SIARAN.CO.ID, PEKANBARU– Kepala Kantor Pertanahan (BPN) Kota Pekanbaru, Muji Burohman, belum memberikan jawaban atas sembilan pertanyaan yang diajukan siaran.co.id terkait pelayanan pertanahan, pengurusan floating, dokumen warkah hingga dugaan tumpang tindih sertifikat tanah.
Konfirmasi ini dilakukan menyusul pernyataan Anggota Komisi IV DPRD Kota Pekanbaru H Zulfan Hafiz ST MM yang sebelumnya menyoroti pelayanan BPN Pekanbaru. Zulfan juga mengungkap adanya keluhan masyarakat terkait pengurusan floating atau pemetaan batas bidang tanah yang dinilai sulit dan membutuhkan waktu lama.
Pernyataan tersebut telah diberitakan siaran.co.id dengan judul “KPK Diminta Geledah BPN Pekanbaru! Dewan: Urus Floating Saja Setengah Mati, Ada Apa?”.
Berita terkait;
Untuk memperoleh penjelasan dari pihak BPN sekaligus memberikan ruang hak jawab, siaran.co.id kemudian menghubungi Muji Burohman melalui WhatsApp Pribadi (WApri).
Dalam konfirmasi tersebut, redaksi mengajukan sembilan pertanyaan yang secara khusus meminta penjelasan BPN mengenai prosedur pelayanan, pengaduan masyarakat, hingga persoalan lahan sekitar 6 hektare di Jalan Sudirman yang disebut dalam pembahasan DPRD.
Namun, hingga berita ini ditulis, Muji Burohman belum memberikan jawaban atas pertanyaan yang dikirimkan melalui WhatsApp tersebut.
9 Pertanyaan untuk BPN Pekanbaru
Pertanyaan pertama menyangkut kebenaran keluhan bahwa pengurusan floating/pemetaan batas bidang tanah dan permintaan dokumen warkah di BPN Pekanbaru dipersulit serta membutuhkan waktu lama.
Selanjutnya juga meminta penjelasan mengenai SOP dan standar waktu pelayanan untuk proses tersebut.
Lalu, BPN dimintai data mengenai jumlah laporan atau pengaduan masyarakat terkait kesulitan pengurusan administrasi pertanahan dalam setahun terakhir, termasuk tindak lanjut terhadap pengaduan tersebut.
Pertanyaan berikutnya berkaitan dengan laporan dugaan tumpang tindih SHM pada lahan sekitar 6 hektare di Jalan Sudirman.
BPN diminta mengonfirmasi apakah Komisi IV DPRD Pekanbaru telah turun ke lokasi dan mengirimkan surat resmi kepada BPN terkait persoalan tersebut.

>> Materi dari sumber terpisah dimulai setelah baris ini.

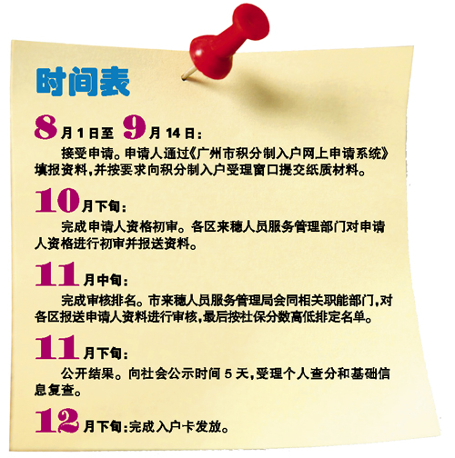 2014年廣州市積分制入戶工作正式啟動,15條實施細則新鮮出爐。昨天,廣州市政府通報,今年積分制入戶指標總量為3000個,由新成立的廣州市來穗人員服務(wù)管理局負責統(tǒng)籌協(xié)調(diào)和具體實施,于8月1日至9月14日在全市25個來穗人員服務(wù)窗口正式接受申請。

Redaksi juga meminta penjelasan mengapa permintaan floating terhadap lahan tersebut disebut belum dilaksanakan, meskipun terdapat surat dari DPRD serta tembusan kepada Kementerian ATR/BPN dan Satgas Mafia Tanah Kejaksaan Agung RI.
BPN turut dimintai klarifikasi mengenai dugaan tumpang tindih sertifikat di atas lahan tersebut, termasuk jumlah SHM yang terbit dan pihak yang tercatat sebagai pemegang hak.

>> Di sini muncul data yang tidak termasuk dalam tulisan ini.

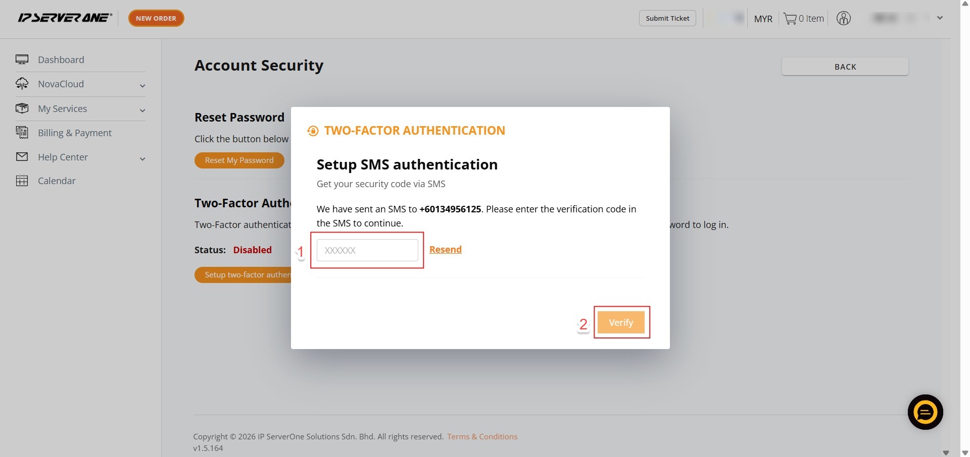 - Key in the time-sensitive verification code sent to your active mobile device and click “Verify”.

Pertanyaan lainnya menyangkut pernyataan anggota DPRD mengenai dugaan adanya permainan oknum dan praktik mafia tanah. BPN diminta menyampaikan tanggapan resmi atas pernyataan tersebut.
Redaksi juga menanyakan langkah evaluasi internal BPN Pekanbaru pasca-OTT KPK yang berkaitan dengan perkara pertanahan di Kabupaten Bogor, khususnya dalam memastikan pelayanan pertanahan bebas dari pungutan liar dan praktik penyimpangan.
BPN kemudian ditanya mengenai kesiapan institusi apabila aparat penegak hukum, termasuk KPK, melakukan penyelidikan atau penggeledahan terkait pelayanan pertanahan di Pekanbaru.
Terakhir, BPN diminta menjelaskan komitmennya dalam memberikan kemudahan pelayanan, transparansi, serta kepastian hukum kepada masyarakat dalam pengurusan administrasi pertanahan.
Sampai berita ini diterbitkan, seluruh pertanyaan tersebut belum mendapat tanggapan dari Kepala BPN Pekanbaru Muji Burohman.(srn1)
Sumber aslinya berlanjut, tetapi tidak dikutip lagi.